*Action item*: Once "モンハンライズ(MHRise" turns up in a line below, reproduce that line and those after it exactly, stopping after the line with "Taburetes y Puff"; leave pictures out.
START Excerpted records
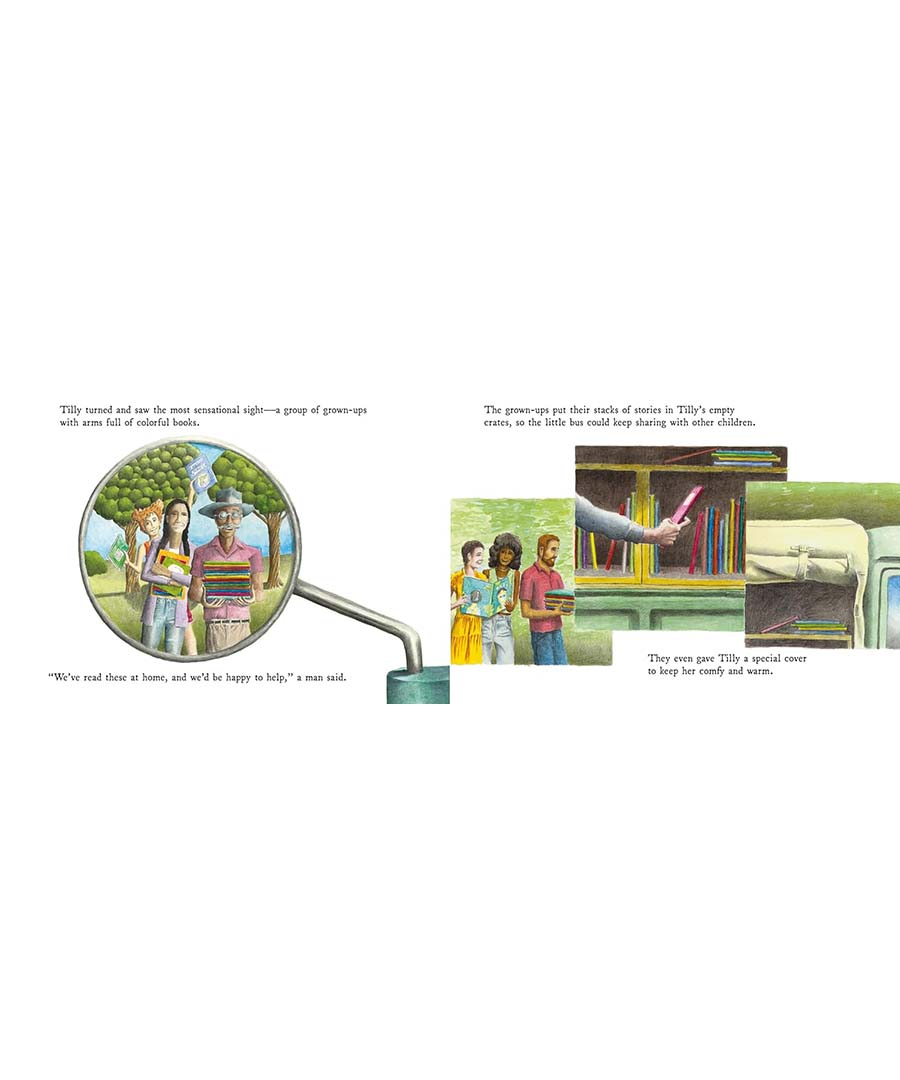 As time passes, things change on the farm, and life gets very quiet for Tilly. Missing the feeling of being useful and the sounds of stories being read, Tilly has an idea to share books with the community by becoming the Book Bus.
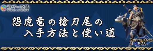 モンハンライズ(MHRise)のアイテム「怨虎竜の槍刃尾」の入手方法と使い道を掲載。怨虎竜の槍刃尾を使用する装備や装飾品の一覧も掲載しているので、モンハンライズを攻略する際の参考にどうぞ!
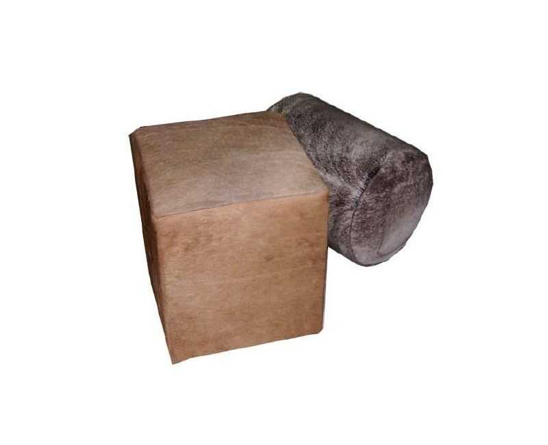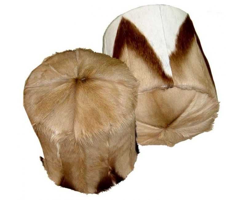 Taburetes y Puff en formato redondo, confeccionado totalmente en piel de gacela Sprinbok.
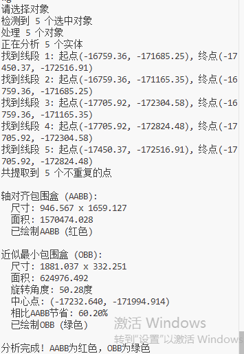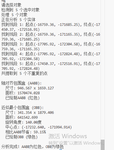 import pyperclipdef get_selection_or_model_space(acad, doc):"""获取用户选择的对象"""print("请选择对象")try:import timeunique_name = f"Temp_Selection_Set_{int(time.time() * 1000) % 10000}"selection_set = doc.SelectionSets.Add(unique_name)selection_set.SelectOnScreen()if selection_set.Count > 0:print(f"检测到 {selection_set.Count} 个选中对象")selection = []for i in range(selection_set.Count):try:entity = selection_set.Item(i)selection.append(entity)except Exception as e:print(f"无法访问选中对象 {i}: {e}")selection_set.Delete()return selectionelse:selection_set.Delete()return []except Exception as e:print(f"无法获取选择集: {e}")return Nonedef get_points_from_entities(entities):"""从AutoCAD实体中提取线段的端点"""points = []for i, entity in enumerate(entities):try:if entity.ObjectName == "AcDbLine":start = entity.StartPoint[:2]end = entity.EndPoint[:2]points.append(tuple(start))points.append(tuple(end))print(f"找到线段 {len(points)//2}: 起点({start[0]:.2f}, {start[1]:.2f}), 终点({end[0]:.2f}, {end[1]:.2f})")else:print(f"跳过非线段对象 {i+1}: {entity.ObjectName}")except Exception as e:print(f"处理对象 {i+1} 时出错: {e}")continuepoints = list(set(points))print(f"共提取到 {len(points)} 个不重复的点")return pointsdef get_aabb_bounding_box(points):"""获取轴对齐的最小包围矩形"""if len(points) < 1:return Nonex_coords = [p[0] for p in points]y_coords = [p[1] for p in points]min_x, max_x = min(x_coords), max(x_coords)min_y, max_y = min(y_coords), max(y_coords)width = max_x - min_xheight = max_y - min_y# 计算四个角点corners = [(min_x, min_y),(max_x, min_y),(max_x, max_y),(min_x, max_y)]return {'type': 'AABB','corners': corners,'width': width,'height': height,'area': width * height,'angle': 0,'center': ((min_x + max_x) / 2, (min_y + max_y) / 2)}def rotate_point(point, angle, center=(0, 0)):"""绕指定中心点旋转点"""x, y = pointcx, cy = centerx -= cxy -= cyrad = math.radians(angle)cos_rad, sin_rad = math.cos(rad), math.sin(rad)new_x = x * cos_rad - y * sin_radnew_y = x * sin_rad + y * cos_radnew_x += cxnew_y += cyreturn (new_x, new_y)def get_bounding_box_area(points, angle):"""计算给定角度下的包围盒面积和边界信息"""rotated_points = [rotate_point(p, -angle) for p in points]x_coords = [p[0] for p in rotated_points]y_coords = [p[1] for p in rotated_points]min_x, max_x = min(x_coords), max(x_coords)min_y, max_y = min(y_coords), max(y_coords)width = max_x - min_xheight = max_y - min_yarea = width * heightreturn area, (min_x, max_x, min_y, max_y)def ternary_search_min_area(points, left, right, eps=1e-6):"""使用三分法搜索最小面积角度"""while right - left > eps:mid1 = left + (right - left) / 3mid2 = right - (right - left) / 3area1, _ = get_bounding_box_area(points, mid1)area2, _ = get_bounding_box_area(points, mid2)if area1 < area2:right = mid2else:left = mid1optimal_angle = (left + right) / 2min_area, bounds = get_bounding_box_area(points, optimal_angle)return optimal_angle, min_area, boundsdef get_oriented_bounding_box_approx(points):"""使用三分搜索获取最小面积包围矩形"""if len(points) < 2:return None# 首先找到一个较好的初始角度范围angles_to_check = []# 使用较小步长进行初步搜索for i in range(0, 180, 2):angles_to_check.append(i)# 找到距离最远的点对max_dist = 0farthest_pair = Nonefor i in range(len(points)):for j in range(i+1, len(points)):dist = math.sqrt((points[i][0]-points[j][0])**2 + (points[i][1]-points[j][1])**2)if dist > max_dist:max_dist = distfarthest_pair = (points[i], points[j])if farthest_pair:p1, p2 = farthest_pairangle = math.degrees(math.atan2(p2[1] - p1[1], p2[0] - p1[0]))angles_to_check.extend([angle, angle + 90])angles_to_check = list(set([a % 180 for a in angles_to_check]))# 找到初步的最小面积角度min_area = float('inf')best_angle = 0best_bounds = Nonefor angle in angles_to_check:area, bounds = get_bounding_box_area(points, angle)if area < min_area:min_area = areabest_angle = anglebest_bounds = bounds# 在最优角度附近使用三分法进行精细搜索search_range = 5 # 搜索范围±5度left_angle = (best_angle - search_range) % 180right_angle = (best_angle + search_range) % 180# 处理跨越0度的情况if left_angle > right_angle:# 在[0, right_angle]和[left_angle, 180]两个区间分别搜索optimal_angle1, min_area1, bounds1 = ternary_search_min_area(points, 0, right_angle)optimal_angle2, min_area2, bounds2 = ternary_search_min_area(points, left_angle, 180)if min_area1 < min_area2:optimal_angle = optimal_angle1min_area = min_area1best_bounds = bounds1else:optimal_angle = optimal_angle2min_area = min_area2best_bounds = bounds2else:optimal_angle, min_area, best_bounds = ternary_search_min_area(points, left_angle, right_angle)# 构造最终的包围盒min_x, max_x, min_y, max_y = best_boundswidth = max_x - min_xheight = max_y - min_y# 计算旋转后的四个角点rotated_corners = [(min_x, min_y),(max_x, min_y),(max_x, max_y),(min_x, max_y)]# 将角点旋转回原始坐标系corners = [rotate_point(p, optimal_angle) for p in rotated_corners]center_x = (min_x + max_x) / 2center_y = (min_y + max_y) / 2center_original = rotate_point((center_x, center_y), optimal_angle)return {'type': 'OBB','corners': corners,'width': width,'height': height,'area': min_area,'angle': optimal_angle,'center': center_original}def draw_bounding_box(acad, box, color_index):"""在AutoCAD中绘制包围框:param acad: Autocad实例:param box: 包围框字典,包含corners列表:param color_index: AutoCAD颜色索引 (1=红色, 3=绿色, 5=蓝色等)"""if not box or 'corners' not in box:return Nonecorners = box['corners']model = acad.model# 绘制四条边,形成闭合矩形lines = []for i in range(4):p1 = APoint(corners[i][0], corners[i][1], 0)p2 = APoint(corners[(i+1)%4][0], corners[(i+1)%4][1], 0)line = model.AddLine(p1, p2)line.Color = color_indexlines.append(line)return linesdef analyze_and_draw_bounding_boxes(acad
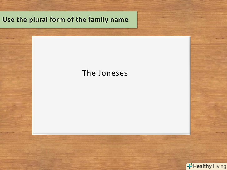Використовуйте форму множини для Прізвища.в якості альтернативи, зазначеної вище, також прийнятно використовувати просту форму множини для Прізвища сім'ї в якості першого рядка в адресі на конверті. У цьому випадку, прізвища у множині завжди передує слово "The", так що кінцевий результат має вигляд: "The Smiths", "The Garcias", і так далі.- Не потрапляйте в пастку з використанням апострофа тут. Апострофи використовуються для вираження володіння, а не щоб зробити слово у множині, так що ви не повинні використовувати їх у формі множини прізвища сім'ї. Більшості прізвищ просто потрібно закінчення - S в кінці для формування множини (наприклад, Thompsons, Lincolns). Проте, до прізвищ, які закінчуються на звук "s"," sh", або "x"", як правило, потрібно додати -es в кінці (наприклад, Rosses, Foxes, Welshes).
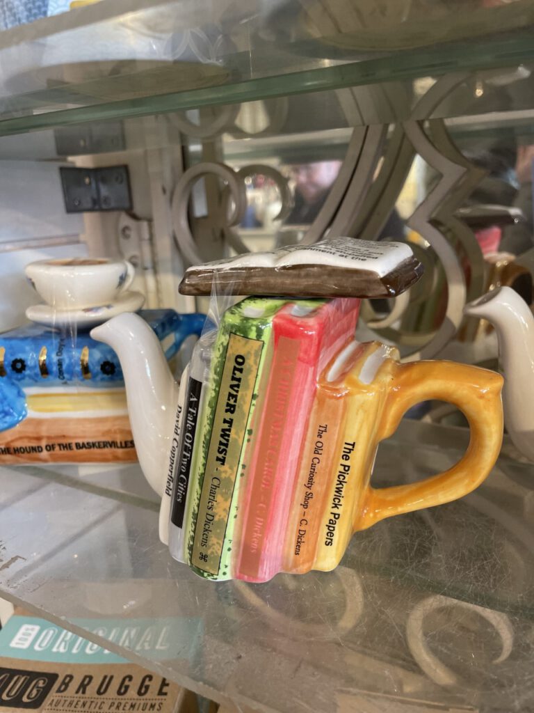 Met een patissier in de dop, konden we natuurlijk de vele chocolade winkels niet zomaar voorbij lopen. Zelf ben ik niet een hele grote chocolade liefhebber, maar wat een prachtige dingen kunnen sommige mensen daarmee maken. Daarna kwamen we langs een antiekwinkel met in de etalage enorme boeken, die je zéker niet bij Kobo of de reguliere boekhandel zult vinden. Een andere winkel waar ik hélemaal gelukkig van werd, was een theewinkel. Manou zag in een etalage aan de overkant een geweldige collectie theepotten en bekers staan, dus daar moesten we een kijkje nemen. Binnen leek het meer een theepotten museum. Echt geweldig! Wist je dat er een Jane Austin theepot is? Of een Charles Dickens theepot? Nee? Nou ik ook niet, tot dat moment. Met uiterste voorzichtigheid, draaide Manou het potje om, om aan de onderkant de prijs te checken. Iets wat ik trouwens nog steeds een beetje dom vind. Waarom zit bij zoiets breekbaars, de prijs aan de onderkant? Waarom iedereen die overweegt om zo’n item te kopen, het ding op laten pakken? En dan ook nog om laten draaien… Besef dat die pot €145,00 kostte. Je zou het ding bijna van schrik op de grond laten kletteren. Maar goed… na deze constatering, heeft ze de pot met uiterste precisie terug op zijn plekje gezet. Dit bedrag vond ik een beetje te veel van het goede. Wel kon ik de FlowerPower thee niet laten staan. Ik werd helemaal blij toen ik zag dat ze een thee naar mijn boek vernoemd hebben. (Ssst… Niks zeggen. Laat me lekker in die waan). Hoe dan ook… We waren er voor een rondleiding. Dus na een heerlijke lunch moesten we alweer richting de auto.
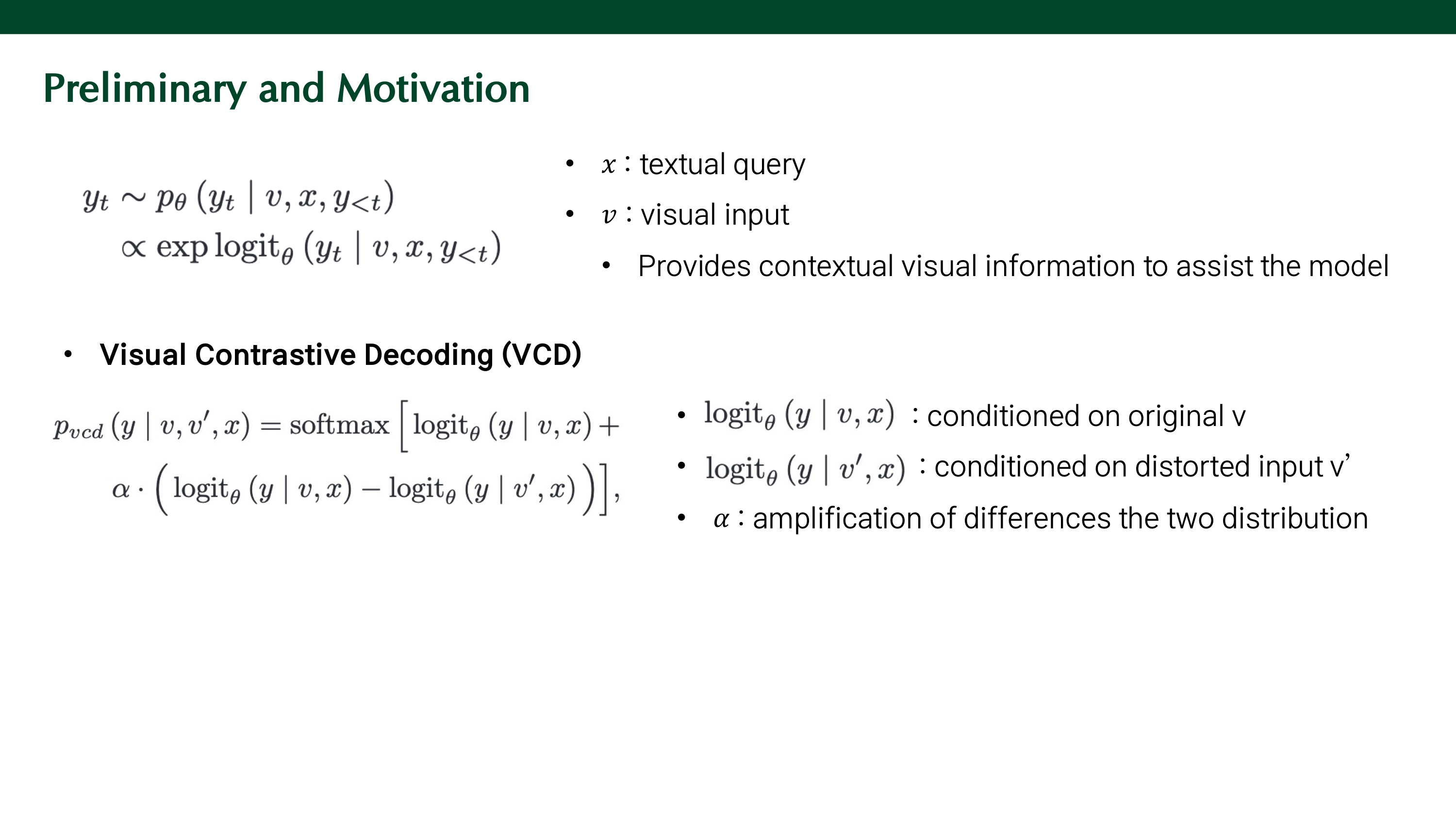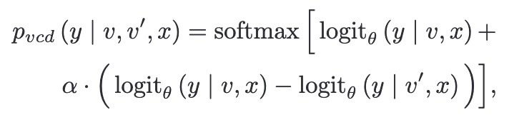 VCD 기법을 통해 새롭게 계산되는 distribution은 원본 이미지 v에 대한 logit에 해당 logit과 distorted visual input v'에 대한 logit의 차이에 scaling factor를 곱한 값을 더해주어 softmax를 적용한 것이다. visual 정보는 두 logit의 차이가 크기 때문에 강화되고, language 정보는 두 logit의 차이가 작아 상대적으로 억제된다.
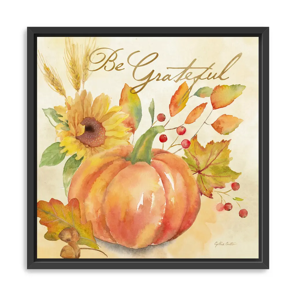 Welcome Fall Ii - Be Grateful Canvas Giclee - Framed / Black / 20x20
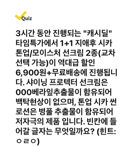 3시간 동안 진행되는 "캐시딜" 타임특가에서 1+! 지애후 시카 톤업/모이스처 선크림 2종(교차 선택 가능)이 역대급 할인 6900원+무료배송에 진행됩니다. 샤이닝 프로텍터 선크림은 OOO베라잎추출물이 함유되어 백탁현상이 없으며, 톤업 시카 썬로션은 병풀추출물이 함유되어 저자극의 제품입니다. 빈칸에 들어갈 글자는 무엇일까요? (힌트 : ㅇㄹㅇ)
END Excerpted records
*Solution to this task*:
 モンハンライズ(MHRise)のアイテム「怨虎竜の槍刃尾」の入手方法と使い道を掲載。怨虎竜の槍刃尾を使用する装備や装飾品の一覧も掲載しているので、モンハンライズを攻略する際の参考にどうぞ!
 Taburetes y Puff en formato redondo, confeccionado totalmente en piel de gacela Sprinbok.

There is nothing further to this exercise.